# Second router table



## Multiwood (Feb 24, 2013)

I had a wardrobe to make for a customer so I thought I would make a beaded face frame. I practiced on a new router cabinet I have been thinking of making for some time now.


----------



## woodknots (Mar 7, 2012)

That's a good looking router table - if you keep the inside free of chips and dust, you can keep your socks in the lower drawer and your skivvies in the upper drawer


----------



## DaninVan (Jan 1, 2012)

Wooden that be handy! 

Great looking cabinet, Larry. Are those two plywood doohickies on the floor to stop the cabinet from moving?


----------



## RainMan 2.0 (May 6, 2014)

vchiarelli said:


> if you keep the inside free of chips and dust, you can keep your socks in the lower drawer and your skivvies in the upper drawer


[email protected] . 
I could just imagine how itchy my gonch would be all day 


That's one sharp looking router table you built there . Nice job


----------



## Semipro (Mar 22, 2013)

very nice you did a good job on the beading.


----------



## hawkeye10 (Jul 28, 2015)

Knot working said:


> I had a wardrobe to make for a customer so I thought I would make a beaded face frame. I practiced on a new router cabinet I have been thinking of making for some time now.

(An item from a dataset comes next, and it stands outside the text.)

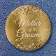 Um botão de vidro feminino para a mãe do noivo. Todo o texto elegante do estilo caligrafia moderno é personalizável. O plano de fundo apresenta uma folha de ouro falsa com brilho falso brilhante. Estes elementos digitais são impressão como uma foto.

Larry you passed. Go ahead with the customers wardrobe.


----------



## Shop guy (Nov 22, 2012)

+ 1 what Don said.


----------



## timbertailor (Oct 4, 2009)

These are the kind of projects I love to see. Practicing on a shop tool that will make no matter if you screw up so that a project that does matter, turns out perfect.

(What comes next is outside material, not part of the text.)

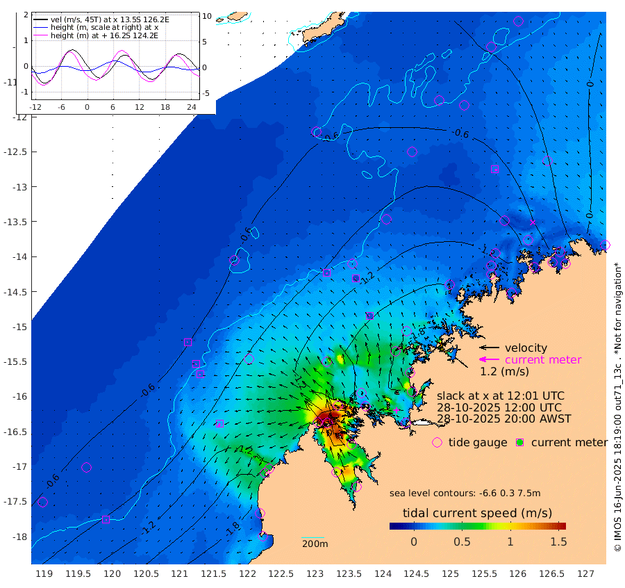 6cm/s 142T +10cm/s rms + 1cm/s 1T. NWSBRW 205m 5cm/s 177T +11cm/s rms + 6cm/s -110T. NWSROW 199m 5cm/s -18T +5cm/s rms + 2cm/s 65T. CAM050 58m 3cm/s -115T +12cm/s rms + 5cm/s 92T. CAM100 99m 3cm/s -148T +7cm/s rms + 1cm/s -85T. KIM400 396m 5cm/s -124T +9cm/s rms + 5cm/s -119T. KIM200 208m 9cm/s -130T +11cm/s rms + 5cm/s -147T. KIM100 99m 19cm/s -153T +8cm/s rms + 3cm/s -103T. KIM050 59m 12cm/s 113T +4cm/s rms + 2cm/s 23T. TIMORS88 91m -52cm Imperieuse Reef -52cm Mermaid Reef -174cm Broome -117cm Cape Baskerville -135cm Red Bluff -118cm Cape Boileau -41cm Scott Reef (WA) -54cm Ashmore Reef -143cm Karrakatta Bay -103cm Sunday Island 17cm Valentine Island 71cm Derby -17cm Port Usborne -147cm Bedford Islands -194cm Yampi Sound (Koolan Island) -184cm Macleay Island -116cm Adele Island -75cm Browse Island -236cm Shale Island -218cm Lizard Island -215cm Hall Point -171cm Degerando Island -165cm White Island -55cm Skua No. 4 Well -49cm Jabiru -129cm Maret Island -129cm Baudin Island -120cm Cape Voltaire (Krait Bay) -27cm Dillon Shoal -5cm Laminaria -127cm Port Warrender -67cm Troughton Island -107cm Cassini Island -67cm West Holothuria Reef Offshore -80cm Jar Island -81cm Lynher Bank -89cm Heywood Shoal -30cm Pee Shoal -25cm Van Cloon Shoal -37cm Carronade Island -33cm Guy Point -39cm Napier Broome Bay 14cm Lesueur Island

Bravo. Looks great and kills two birds with one stone.


----------



## Multiwood (Feb 24, 2013)

Yes Dan the plywood doohickles are to keep the cabinet from moving around. I have four locking wheels but the doohickles
work better and is faster to install and remove. Thank You all for the kind works


----------



## TenGees (Sep 12, 2012)

I was going to say that it's too fancy for a router table but then I noticed what's sitting on top! Nice work.


----------



## tvman44 (Jun 25, 2013)

That is one fancy good looking router table. :laugh2:


----------



## JFPNCM (Dec 13, 2009)

Can't wait to see the wardrobe. Hopefully with progress photos and comments as the project goes forward.


----------